Minds in the Making, Xiao Xiao theremin

Xiao Xiao: Modular Thinking and The Melody of Language

This interview was possible because of one accident. A colleague, curator and co-founder of InSitu art agency Anna Gargarian was looking for recommendations on Facebook.

Dear musician friends in Armenia. Do any of you know where to rent a Theremin in Armenia? Amazing artist Xiao Xiao finds herself (happily) stuck in Armenia while en route to Paris from Siberia, and is in need of an instrument to play! Any advice?”.

Wow! “What a story Mark”©, I thought. I checked her profile and I was impressed. Technologist and musician from MIT.  I PMed Xiao and asked for an interview.  We started to chat.  She and her husband left Paris and went to Lake Baikal(Russia). They were supposed to return to Paris, but the first wave of pandemic took Europe by storm. So they decided to wait in Armenia, which was not a red zone. Plus they heard great things about food and nature. 

So here we are. Beijing born, New Orleans raised, course 6 @MIT, @MediaLab Ph.D, post-doctoral researcher at Université Sorbonne Nouvelle, Paris,, technologist, pianist, and thereminist Xiao Xiao.
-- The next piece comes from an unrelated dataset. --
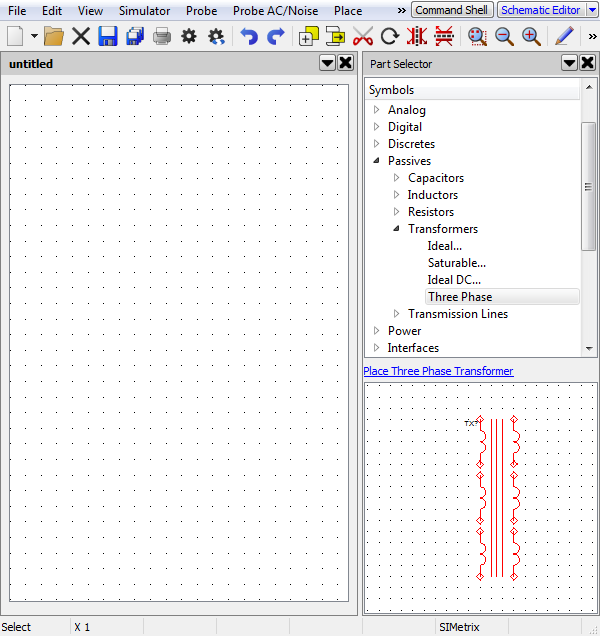 Virtually all available parts may be selected using the part selector. There are differences between SIMetrix and SIMPLIS modes in how parts located in the model library are placed; in SIMetrix mode the part appears directly in the part selector whereas in SIMPLIS mode, the part selector directs you to the model library browser. There are options to change this behaviour - see PartSelShowSimplisModels in List of Options.

Our ordinary conceptual system, in terms of which we both think and act, is fundamentally metaphorical in nature.

George Lakoff and Mark Johnson, “Metaphors We Live By”.
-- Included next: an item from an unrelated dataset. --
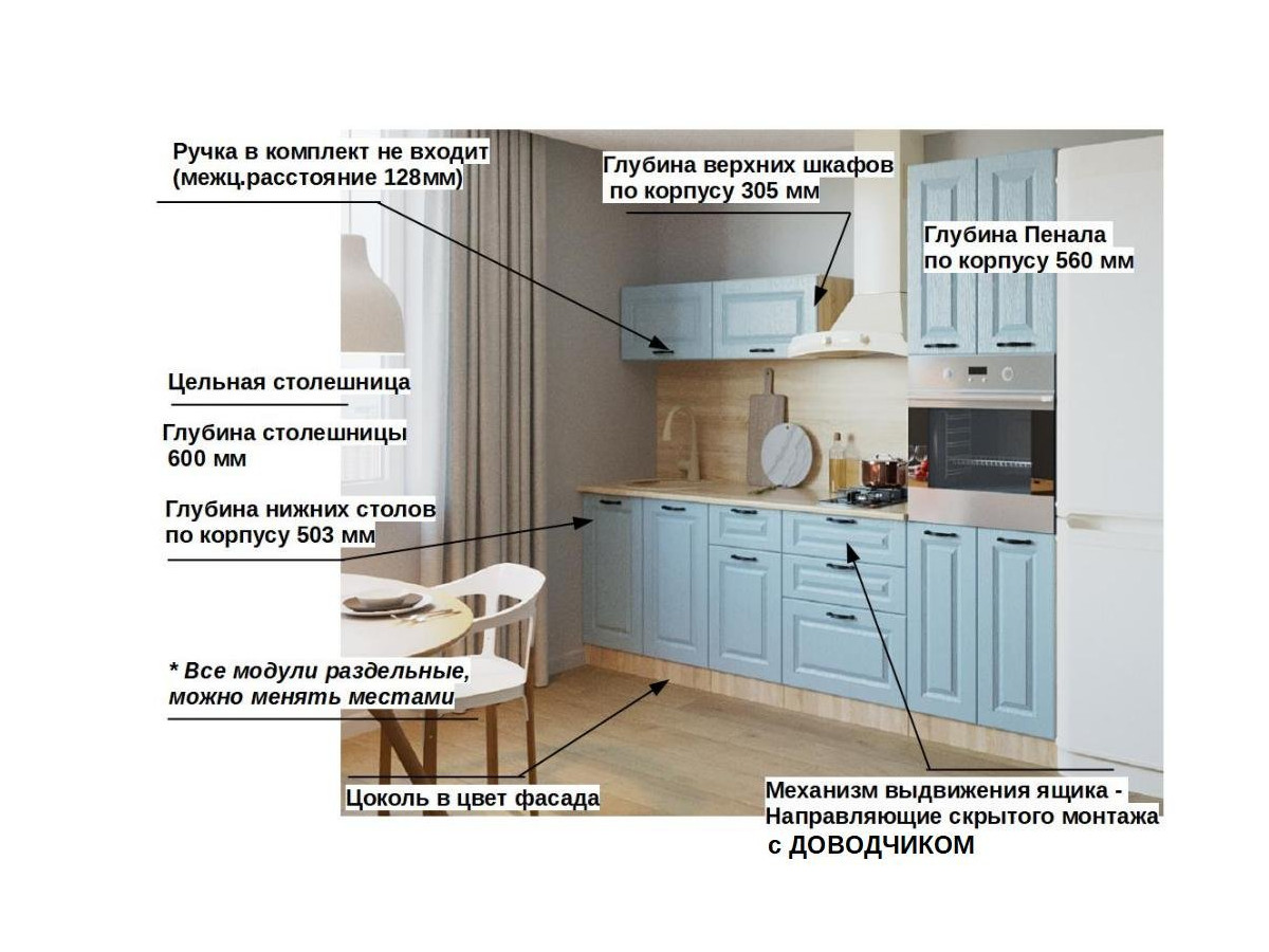 Кухонная мойка, стеновая панель, посудосушитель, планки для столешницы в комплект не входят.

I finished my Ph.D. at the MIT Media Lab in 2016. Afterward, I was working on interactive installations for museums and for private clients. I just started a post-doc with a language learning lab in Paris, to develop a new way of learning the prosody of foreign languages with the help of a vocal synthesizer. Prosody is the musical dimension of speech, including the rhythm, the melodic contour, and accent patterns.

Why did you decide to study at the MIT Media Lab?

I studied Computer Science as an undergrad. Started working at the Media Lab when I was an undergraduate student. I was interested in art and design and wanted a way to combine that with my technical studies.

Are there any role models who motivated and inspired you?

I’m really inspired by the work of Marvin Minsky. I was lucky enough to have gotten to know Marvin when I was at the Media Lab. He’s most famous as one of the founding fathers of artificial intelligence, but what’s less known about him is his musical side. He taught himself how to improvise fugues in the style of Bach as a way to understand the workings of the mind. I wrote an essay about this a few years ago. My attempt to teach myself to play the theremin is directly inspired by Marvin’s musical explorations.

Another big inspiration is my mentor Donal Fox, who is a composer/pianist/improviser. I met Donal when he was a visiting artist at MIT and ended up taking lessons with him for about a decade. Much of my Ph.D. work at the Media Lab was directly inspired by conversations with him. Even though my goal was not to become a professional pianist, what I learned about learning in the context of the piano was a treasure trove for work in other domains, both for problem-solving and for creative intention.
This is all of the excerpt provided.